It was good to see the other guys tonight. It’s been forever.
It used to be a routine but life has a way of showing us our bitter end. Say it is what it really is, but it’s all useless talk with the same outcome.
Lost in my written work. I don’t want to come back.
Soon I will be back in the burden of my life. Dress clothes that feel like fake skin, as fake as the fresh coat of paint on every spot. It’s all show. I have a list of stresses I wish to unleash on the world, but if I type it all here I might get fired….but one day I will and the hooks that are stuck in my hellbound heart with be released and the rain will come down and wash away the chalk. In time the memory will be nothing more than clay in the foundation of shit.
I really wish all my dreams didn’t evolve into nightmares, but these are the scars I bare whether seen or not. Hey, you can’t have pleasure without pain, and some get off on it. I stand witness and drink from the golden cup till I can’t feel it until the blood runs off me in the shower. I wish I was fucking kidding but my past is hilarious and crazy on certain nights.

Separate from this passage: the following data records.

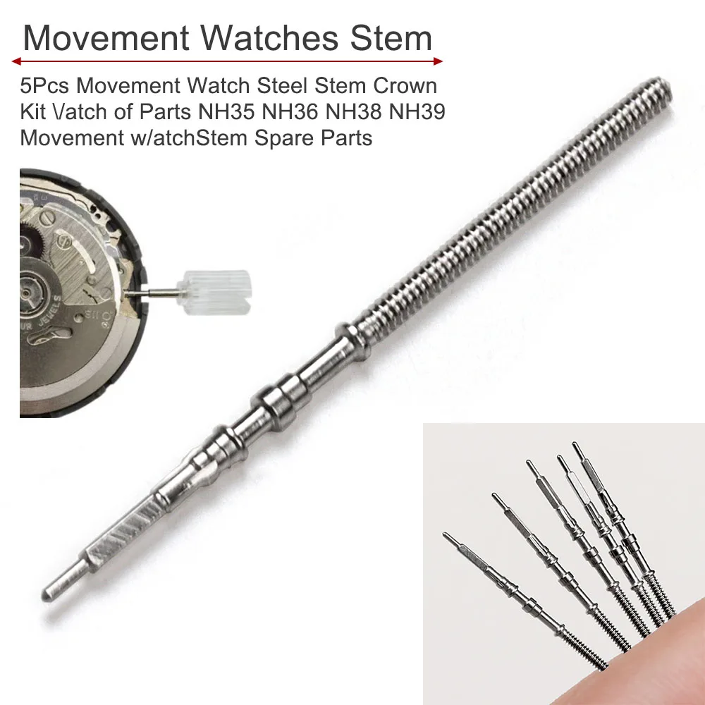 2/5/10pcs Movement Watch Steel Stem Crown Kit Watch Parts for Seiko NH34 NH35 NH36 NH38 NH39 Movement Watches Stem Spare Parts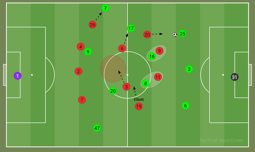 When the ball was played to right-centre-back Manuel Akanji, Liverpool would transition into more of a 4-3-3, their favoured shape. The key player in this transition was Elliot, who would drop in from right-wing to centre-midfield, leaving Firmino and Salah to block central passes (just as before), and Jota to press Akanji.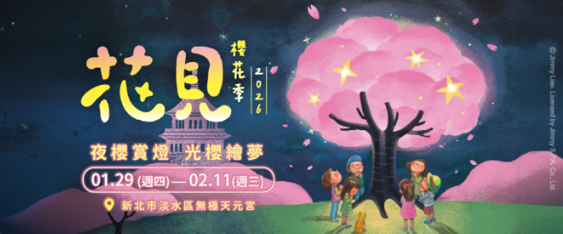 【民眾新聞方笙楠/臺北報導】2026花見櫻花季將於1月29日至2月11日在淡水區北新路無極天元宮展出!今年除了可欣賞盛開的三色櫻外,還新增了由淡水學堂策劃的「櫻花慢旅」走讀、與在地商家合作,提供阿給及各式手作活動折價優惠,以及結合藝術家幾米所創作的《閉上眼睛一下下》之繪本世界,打造互動場景等活動,美景搭配燈光,濃濃的粉色櫻花風格,預計可吸引大量遊客前來觀賞。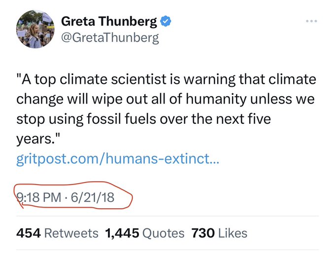 Le 21 juin 2018, la militante climatique suédoise, alors âgé de 15 ans, a envoyé un tweet alarmant qui semblait impliquer qu’en raison du changement climatique causé par les combustibles fossiles, il ne nous restait que cinq ans avant la fin du monde.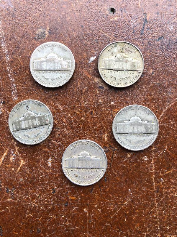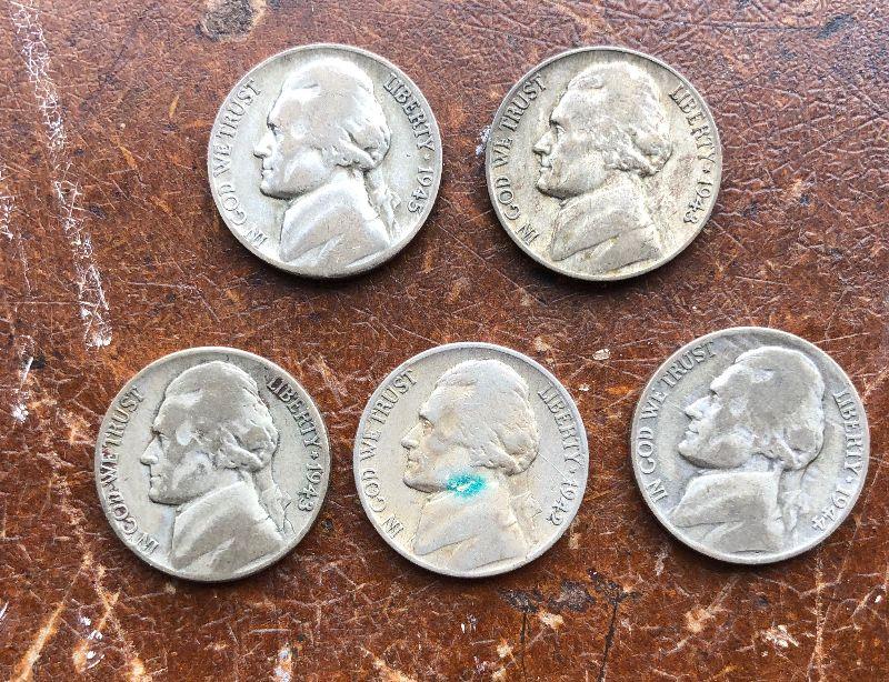 5 Wartime nickles, 35% silver content, circulated. $3.95 Shipping in the US, $1 additional for each coin, currency, stamp or jewelry lot.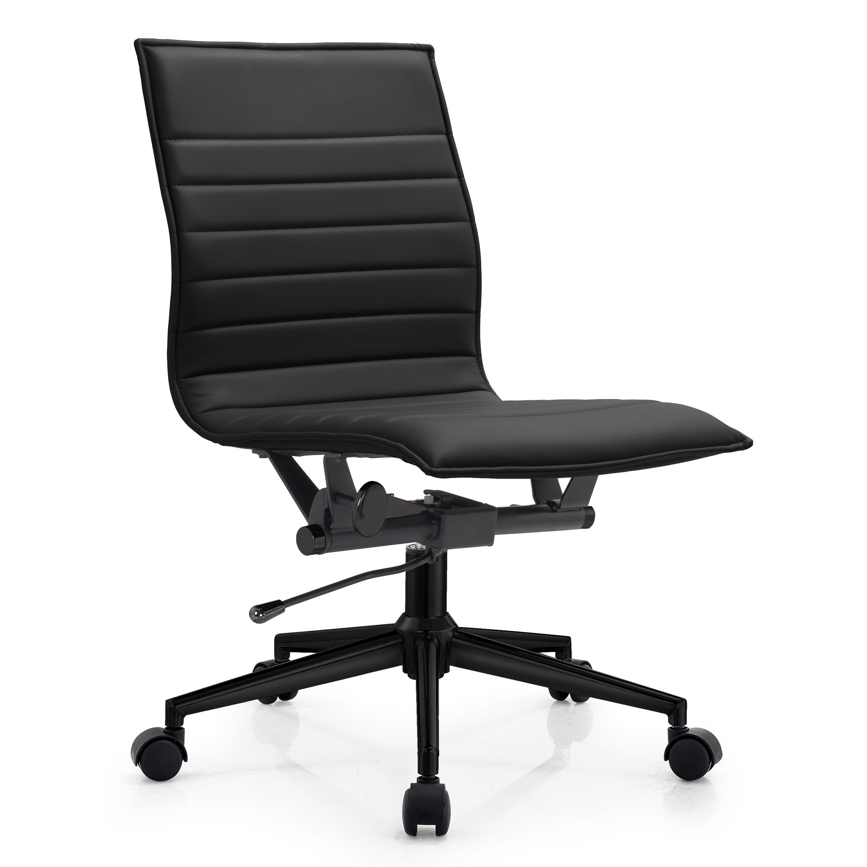 Modern Office Desk Chair | Upholstered PU Leather Ribbed Armless Mid Back with Metal Frame | Adjustable Height, Tilt Lock

You will read about it, but probably not. This is the only place where people give me a chance. Perhaps I already ruined it all, but hey maybe there is a lesson hiding amongst the flesh, something new and hideous, but with true passion.
People love to give up on the broken, but that’s because broken people are not afraid of their vices, everyone else are just liars.
Good thing Football is starting. Fantasy love and the Chicago Bears. I only pray for my Bears but if God is real he/she probably is a Packers or Tom Brady fan…..well there is always my Bulls.